To counter the problem of not being considered a low-cost production base within the ASEAN region, Thailand is planning to establish 10 Special Economic Zones (SEZs) within the next few years. These will be developed close to the borders of those neighbouring countries offering lower cost labour – Tak and Kanchanaburi (bordering Myanmar); Mukadahan, Chiang Rai, Nong Khai and Nakhon Phanom (Laos); Sa Kaeo and Trat (Cambodia), and Songkhla and Narathiwat (Malaysa). This will allow the use of foreign worker who can commute daily to Thailand or who can stay in the country for up to seven consecutive days.
The Thai government also plans to provide a number of tax and non-tax incentives, including the development of basic infrastructure, one-stop service centres with customs checkpoints, enhanced services for licensing and permission applications, and issuance procedures in the SEZs. The SEZs will also provide additional incentives to business entities if their investment relates to one of 13 prioritised business sectors – agriculture and fisheries; ceramics; garments, textiles and leather; furnishings and furniture; gems and jewellery; medical equipment, automobiles and parts; electrical appliances and electronics; plastics; pharmaceuticals; logistics; industrial estates and tourism. The incentives on offer include corporate tax reductions and exemptions, zero import duty for machinery and raw materials for export production, low interest rate loans, land occupation rights, double deductions from transportation, electricity and water supply costs for up to 10 years.
Global manufacturers interested establishing a production base in Thailand, however, should choose a location closely aligned with the nation’s cluster development policy. This involves the creation and development of two different types of cluster. Firstly, there are the Super Clusters, clusters of businesses using advanced technology and future industries (e.g. the Automotive and Parts Cluster, Electrical Appliances, Electronics and Telecommunication Equipment Cluster, Eco-friendly Petrochemicals and Chemicals Cluster, Digital-based Cluster, Food Innopolis and Medical Hub). Then there are the Other Targeted Clusters with competences in the low-tech industries (e.g. the Agro-processing Products Cluster and the Textiles and Garment Cluster).
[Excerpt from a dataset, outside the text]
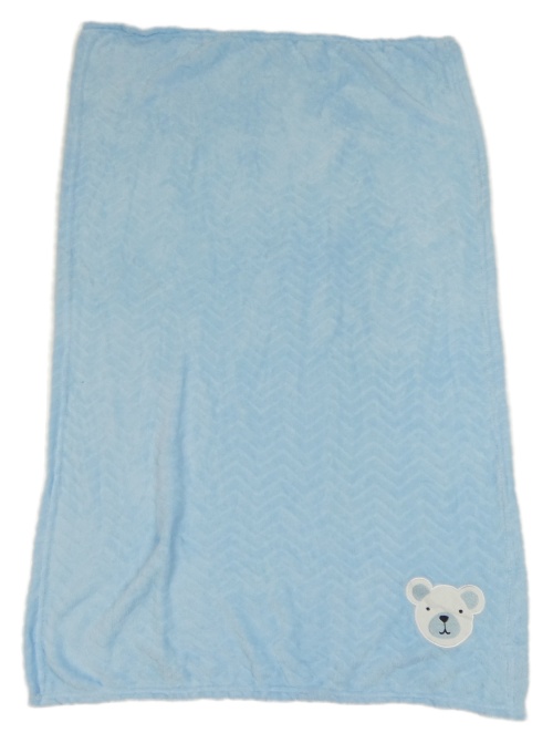 Světlemodrá vzorovaná chlupatá deka s medvědem

Again, the government provides both tax and non-tax incentives for investments under its industrial clusters policy.
Thailand 4.0 has been a buzzword among the local business community ever since the government first announced it as a key element of its nationwide 20-year strategic economic reform and development plan back in 2015. Similar to China’s Made in China 2025 initiative, Thailand 4.0 essentially promotes the upgrading of the country’s manufacturing capabilities in order to produce high value-added products and services through technology and innovation.
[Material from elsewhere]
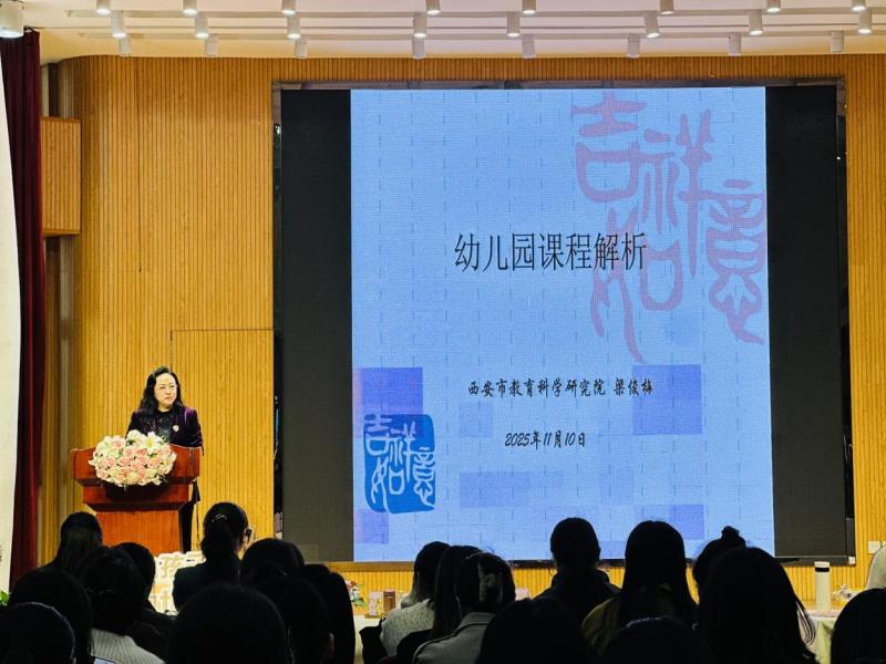活动伊始,沣东第四幼儿园党支部书记、园长刘慧致欢迎词。随后,在专家引领环节,西安市教育科学研究院梁俊梅老师以《幼儿园课程解析》为题,从幼儿园课程概述、领域课程与主题课程等维度,深入剖析幼儿园课程建设的核心要点,为在场园长厘清课程逻辑、优化课程体系提供了专业指导。

According to a number of Chinese manufacturers, the incentives offered under Thailand’s industrial policies are attractive, but not aggressive enough to draw their current investments in R&D and high technology out of China. Many, however, have expressed a strong interest in expanding into Thailand as a means of risk diversification and as a stepping stone to the ASEAN market. Others who have already expanded into Thailand, however, have indicated that they were following the expansion routes of their industrial suppliers and/or customers. Based on such observations, it could be assumed that Thailand – and, indeed, ASEAN region as a whole – will evolve into a sophisticated network production base, without necessarily hindering China’s own development.